Surely this must be working against the interests of the tenant
and be deemed a restrictive practice.
I respectfully request that the Business and
Enterprise Committee recommend that legislation be introduced
to prevent the introduction of ties for products and services
other than beer and other drinks. If the Business and Enterprise
Committee agree with my recommendation but feel that legislation
is not a short-term practical mechanism at this point, then all
members of parliament involved in the committee should be encouraged
to sign an Early Day Motion, which could be phrased as follows
"That this House believes that pubco
retailers aside from renting to their tenants pub premises and
participating in the supply of beers, wines and other drinks should
cease their restrictive supply clauses in respect of non-core
products and services, ie food and/or gaming and amusement machines
to the benefit of those tenants and consumers".

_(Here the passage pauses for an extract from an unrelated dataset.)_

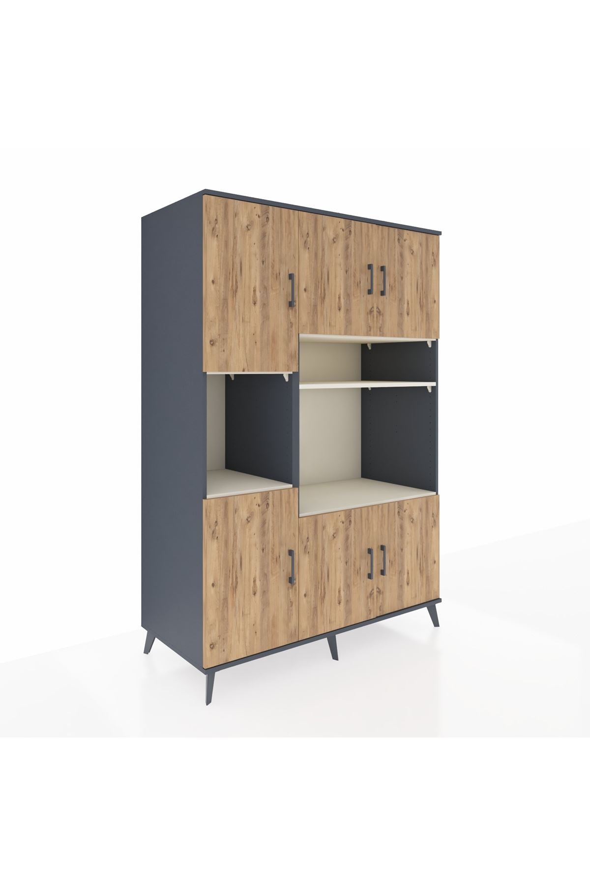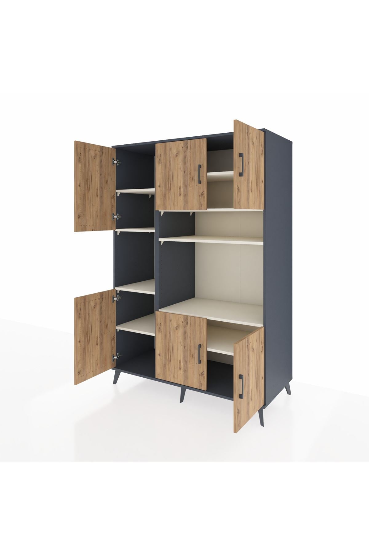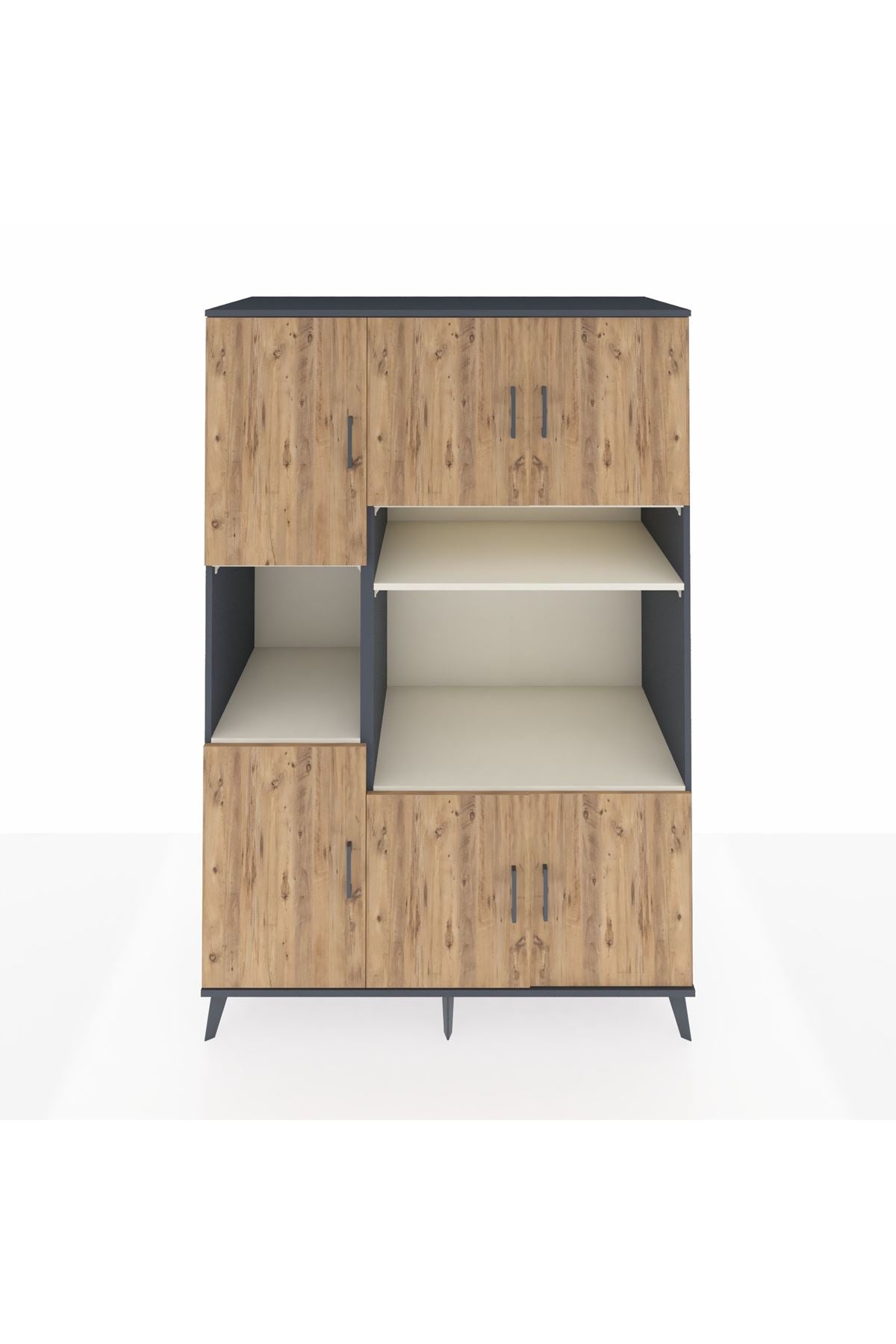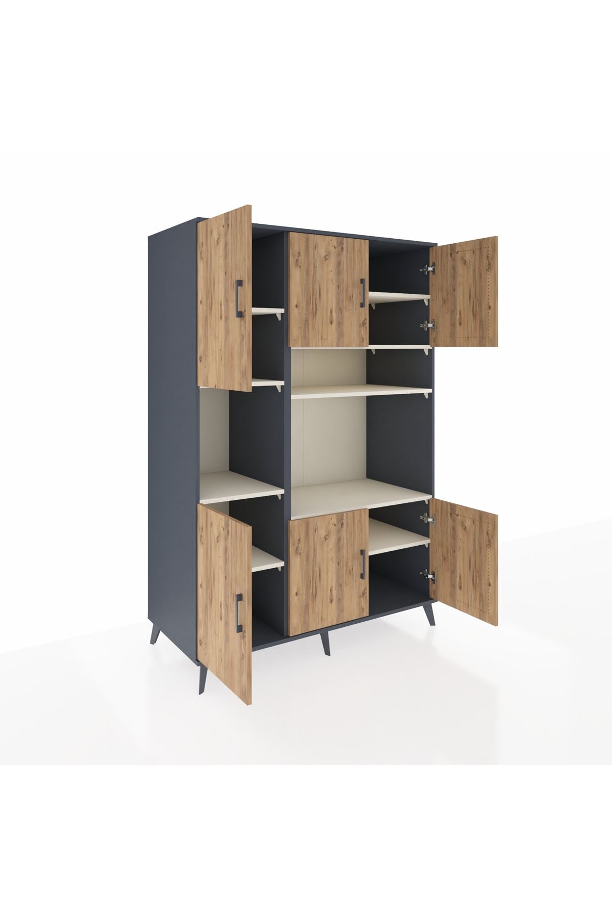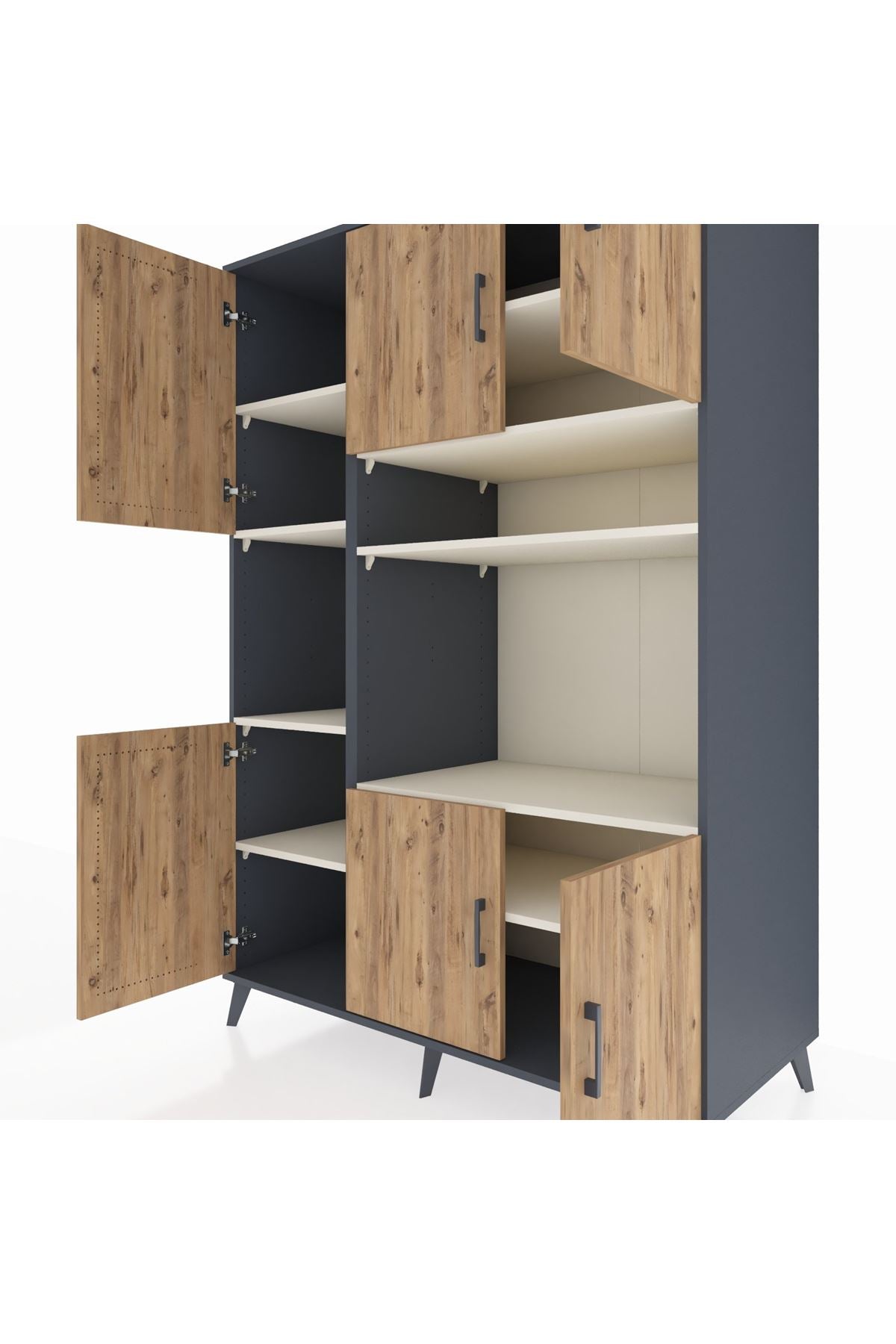 🕰️ Kronos Dolap 9 Raflı 6 Kapaklı 132x59x195 Antrasit-Çam/Aytaşı

I believe that an Early Day Motion signed by
those MPs in the Business and Enterprise Committee who are in
agreement would be expanded on greatly by other members on both
sides of the House. I further believe that individual tenants
would gain further support from their local MPs to a point where
pubco retailers would have to take notice or else the enactment
of legislation would quite fairly and reasonably ensue.
Further, any supplier duly certificated by the
Gambling Commission should be entitled to supply a tenanted pub
if that tenant in his judgement decides it is in his best interests
so to do.
If the above proposals I put forward are implemented,
I believe this will result in:
(a) A fair deal for the tenant. At the moment
it is totally unfair with Punch and Enterprise extracting extra
profits from the gaming and amusement machines.

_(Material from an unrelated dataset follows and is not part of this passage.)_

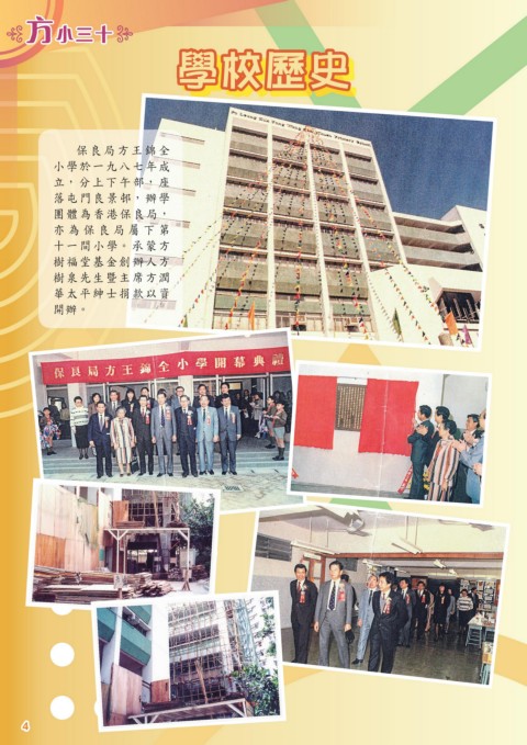 方小三十 學校歷史 保良局方王錦全 小學於一九八七年成 立,分上下午部,座 落屯門良景邨,辦學 團體為香港保良局, 亦為保良局屬下第 十一間小學。承蒙方 樹福堂基金創辦人方 樹泉先生暨主席方潤 華太平紳士捐款以資 開辦。 4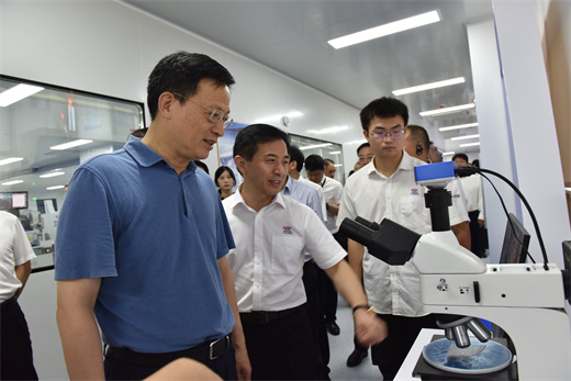 9:40分左右,在光電工廠一樓大廳,觀摩團(tuán)領(lǐng)導(dǎo)首先觀看了光電工廠宣傳短片。隨后,在趙總的陪同下,王書(shū)記、王市長(zhǎng)來(lái)到二樓光電元器件生產(chǎn)線,現(xiàn)場(chǎng)了解光電元器件固晶、焊線、整形等工序的生產(chǎn)工藝和流程。現(xiàn)代化的萬(wàn)級(jí)潔凈生產(chǎn)車間、國(guó)內(nèi)領(lǐng)先的自動(dòng)化、智能化光電產(chǎn)品生產(chǎn)線、5G鏈接全流程制程工藝技術(shù)……王書(shū)記不時(shí)駐足觀看,現(xiàn)場(chǎng)體驗(yàn)光電產(chǎn)品紅外感應(yīng)核心科技。趙總向王書(shū)記匯報(bào)了萬(wàn)洲光電子產(chǎn)品的技術(shù)水平、市場(chǎng)領(lǐng)域和國(guó)內(nèi)前三甲的行業(yè)地位。在LED智慧照明生產(chǎn)線,觀摩團(tuán)領(lǐng)導(dǎo)觀看了LED節(jié)能照明設(shè)備的生產(chǎn)流程,智慧節(jié)能燈具、橋梁隧道亮化工程、樓宇道路景觀亮化等應(yīng)用場(chǎng)景絢爛多彩,讓觀摩團(tuán)領(lǐng)導(dǎo)領(lǐng)略到云川之光和“襄陽(yáng)造”的無(wú)限魅力。

(b) A competitive free enterprise marketing structure
and proper freedom of choice to the advantage of the tenant.
(c) A normal and open business structure for
the benefit of all suppliers across the UK, giving them equal
opportunity of supply on the merits of the standards of operation
of that supplier.
When combined, all of the above proposals will
lead to a fair and non-restrictive and competitive market place
for the benefit of the tenants, the supplier, and ultimately the
The 1989 Beer Report gave rise to a change in
legislation that prevented the control that brewers had over tenants
through a monopoly from continuing, and that legislation was designed
to protect the rights of tenants and their ability to earn a decent
living. The Beer Orders in particular prevented pubcos from applying
purchasing restrictions or ties for products or services other
than beer and other drinks.
The new lease arrangements of both Punch and
Enterprise are a return under a different guise of those same
feudal and baronial terms and conditions working so unfairly against
those tenants concerned and in particular in regard to gaming
and amusement machines.
If Punch and Enterprise maintain that the restrictive
conditions of their new leases in regard to gaming and amusement
machine supply is to the benefit of the tenant, then that tenant
should be able to decide for himself whether he wishes to use
the pubco retailer's restrictive approved nominated supply system
or not and, given freedom of choice, it is extremely unlikely
that tenants would wish to continue under the existing restrictive
conditions imposed in the new leases.
The pubco enters into a lease with their tenants,
not a franchise.
The 2004 TISC conclusion clearly stated:
"In our opinion, pucbos do not add sufficient
extra value from their deals to justify their claims to 50 percent
of the takings from AWP machines. We remain unconvinced that the
benefits of the AWP machine tie outweigh the income tenants forgo
and we recommend that the AWP machine tie be removed."